Чтение онлайн

на главную - закладки

Жанры

Логика смысла (Вторая половина)

Делез Жиль

Шрифт:

______________

3 О важности "пустого времени" для анализа события см. B.Groethuysen, "De quelque aspects du temps" (Recherches philosophiques, 5, 1935–1936); "Каждое событие, так сказать, существует во времени, где ничего не происходит"; и есть постоянство пустого времени, охватывающего все, что происходит. Книга Жо Боске Lex Capitales интересна тем, что в ней поднимается проблема языка в связи с единоголосием Бытия, начиная с Дунса Скотта.

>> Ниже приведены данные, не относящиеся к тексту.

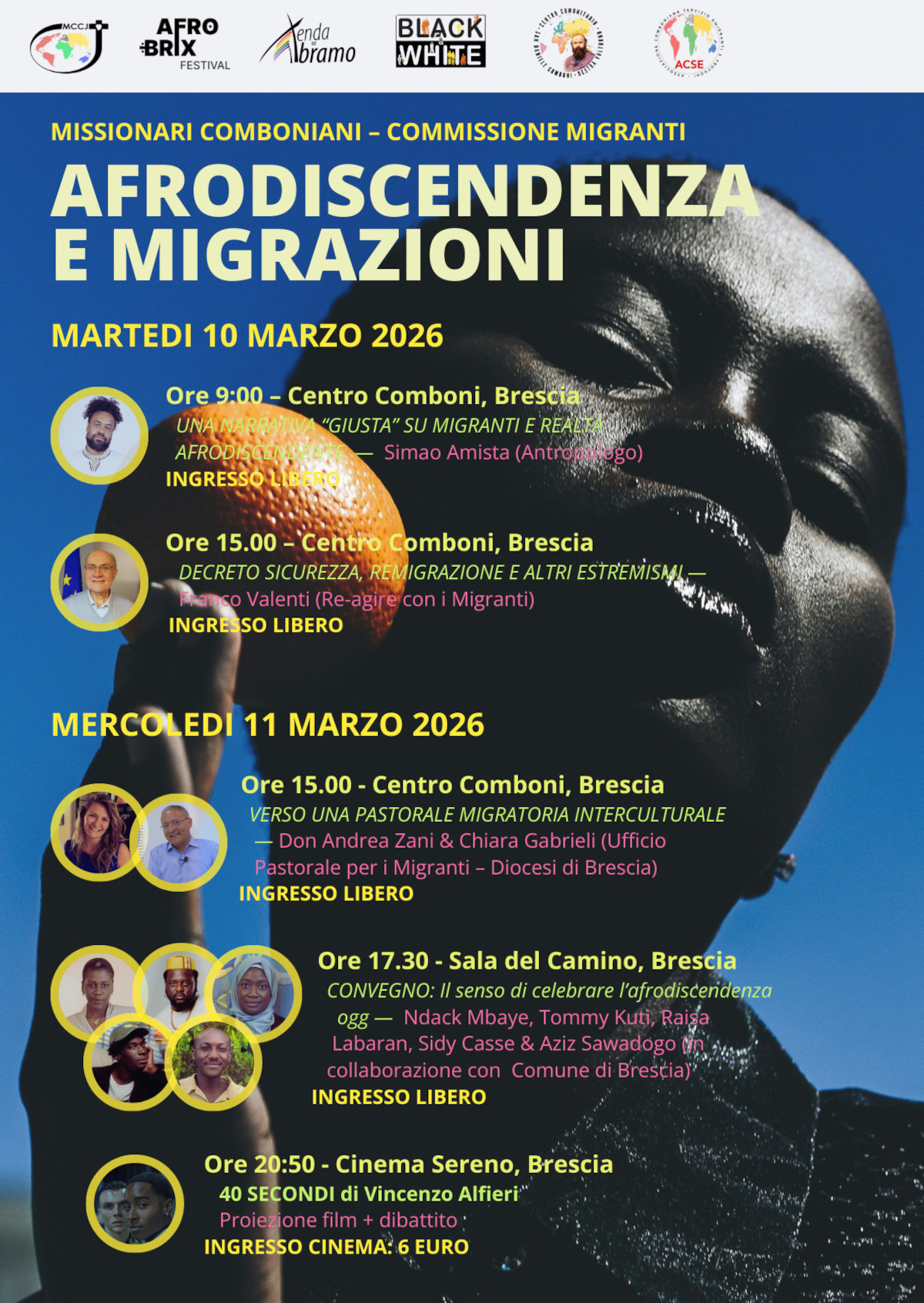 Il programma prende avvio martedì 10 marzo al Centro Comboni, con due sessioni aperte al pubblico. Alle 9.00 l’antropologo Simão Amista — studioso di religioni e filosofie africane e afrodiscendenti di origine italo-afro-brasiliana — conduce l’incontro “Per una narrativa giusta su migranti e realtà afrodiscendente”. Nel pomeriggio, alle 15.00, Franco Valenti di Re-agire con i Migranti, esperto di sociologia urbana e membro del gruppo europeo CLIP, affronta il tema “Decreto sicurezza, remigrazione e altri estremismi”.

Двадцать шестая серия: язык

Благодаря событиям язык становится возможен. Но стать возможным не значит начаться. Мы всегда начинаем в порядке речи, а не в порядке языка, в котором все должно быть дано одновременно, одним махом. Всегда есть кто-то, кто начинает речь. Начинает речь тот, кто манифестирует. То, о чем сообщается, — это денотат. То, что говорится, — это сигнификации. Событие не является ни одним из них: оно говорит не более, чем о нем сообщается или говорится. Тем не менее, событие принадлежит языку и связано с ним настолько, что не существует вне выражающих его предложений. Но оно не совпадает с предложениями. Выражаемое

не совпадает с выражением. Событие не предшествует выражению, а пред-содержится в нем, задавая, таким образом, основание и условие последнему. Итак, сделать язык возможным значит обеспечить, чтобы звуки не сливались со звуковыми качествами вещей, с шумами тел, с их действиями и страданиями. То, что отделяет звуки от тел и организует их в предложения, освобождая для выразительной функции, — оно и делает возможным язык. Всегда говорит именно рот; но теперь звуки — уже не шумы тела, которое ест, — это чистая оральность: они становятся манифестацией выражающего себя субъекта. Мы говорим всегда о телах и их смесях, но звуки перестали быть качествами, связанными с этими телами, вступив в новое отношение с последними — отношение денотации — и выражая власть речи и того, о чем она говорит. Денотация и манифестация не составляют основу языка, они всего лишь становятся возможными вместе с ним. Они предполагают выражение. Выражение основано на событии как поддающейся выражению или выражаемой сущности. Что делает язык возможным — так это событие, если только событие не путать ни с выражающим его предложением, ни с состоянием произносящего предложение, ни с положением вещей, которое обозначается этим предложением. Поистине, без события все было бы только шумом — невнятным шумом. Ибо событие не только делает возможным и разделяет то, что оно делает возможным, оно также вводит различения в то, что оно делает возможным (например, тройственное различение в предложении: денотация, манифестация и сигнификация).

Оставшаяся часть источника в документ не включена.